2. The following training steps for the first binary classification algorithm: - A step of extracting RNA from each of the aforementioned in vivo training samples of tumor and non-tumor tissue, and generating a library of polyA+ sequence fragments from the RNA for each of a plurality of first training samples classified as non-tumor (NAT) and tumor (TUM), wherein each first tumor training sample preferably has a level of cell density known by histological examination, and each non-tumor training sample (NAT) is non-tumor tissue adjacent to the tissue of the corresponding tumor training sample (TUM), - A step of processing the sample through a sequencer, followed by alignment to a reference genome and read counting, to obtain a first training output file for each first training sample, which includes multiple counts of occurrences of the corresponding gene represented by the polyA+ fragment in the sample, where each count defines the expression level of the corresponding gene, and - For each gene in the first training output file of each training tumor sample, the step of calculating a correlation index value, preferably a Bayesian factor of the expression level having the known cell density of the corresponding training tumor sample, - The step of including in the list a gene based on the corresponding correlation index value having the known cell density of the corresponding training sample, - A step of training the classification algorithm such that for each training sample (NAT, TUM), the expression levels of each of the genes in the list (List 1) are received as input, and the classification of the training sample as tumor or non-tumor, as known by histological examination, is received as output, wherein the list of genes (List 1) is a list such that the accuracy of the estimation of the classification algorithm applied to the training sample is 95% or higher. The method according to claim 1, including the method described in claim 1.
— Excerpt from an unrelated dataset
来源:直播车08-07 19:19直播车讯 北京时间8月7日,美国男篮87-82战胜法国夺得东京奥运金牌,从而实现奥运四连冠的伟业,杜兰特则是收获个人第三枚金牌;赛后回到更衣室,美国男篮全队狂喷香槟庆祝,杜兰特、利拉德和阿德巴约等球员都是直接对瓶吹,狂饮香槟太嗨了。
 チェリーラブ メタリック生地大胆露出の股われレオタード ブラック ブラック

3. The known cell density level of the biological training sample is at least 2, and the corresponding non-zero known cell density level is associated with the corresponding training output file, which includes the gene expression level. The method according to claim 2, further comprising the step of identifying a first and second plurality of genes based on the correlation index for each of the training samples and each non-zero cell density level, wherein the list (List 1) includes genes from the first and second plurality of genes whose expression levels change with variation in cell density.
4. - A step of applying an unsupervised learning algorithm that takes as input the expression level of genes whose correlation index value is higher than the threshold, and dividing the corresponding training sample into at least two groups, The method according to any one of claims 2 or 3, further comprising the step of increasing the threshold of the correlation index value to match the state of the tumor cells when the separation accuracy between the NAT sample and the TUM sample in each of the groups is lower than a predefined threshold, for example 100%.
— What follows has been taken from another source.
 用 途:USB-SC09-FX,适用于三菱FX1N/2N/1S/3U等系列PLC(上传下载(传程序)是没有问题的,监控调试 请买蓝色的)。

5. The method according to any one of claims 1 to 4, wherein the first classifier is a generalized linear model (GLM).
6. The method according to any one of claims 2 to 5, wherein the Bayesian factor is 8 or more, preferably 10 or more.
7. The method according to any one of claims 1 to 6, wherein the library preparation and analysis steps are performed using 3'DGE technology.
8. The method according to any one of claims 1 to 7, wherein the sample is obtained from a breast tissue biopsy.
9. The method according to any one of claims 1 to 8, wherein the sample is a formalin-fixed paraffin-embedded (FFPE) biological tissue sample or an untreated biological tissue sample.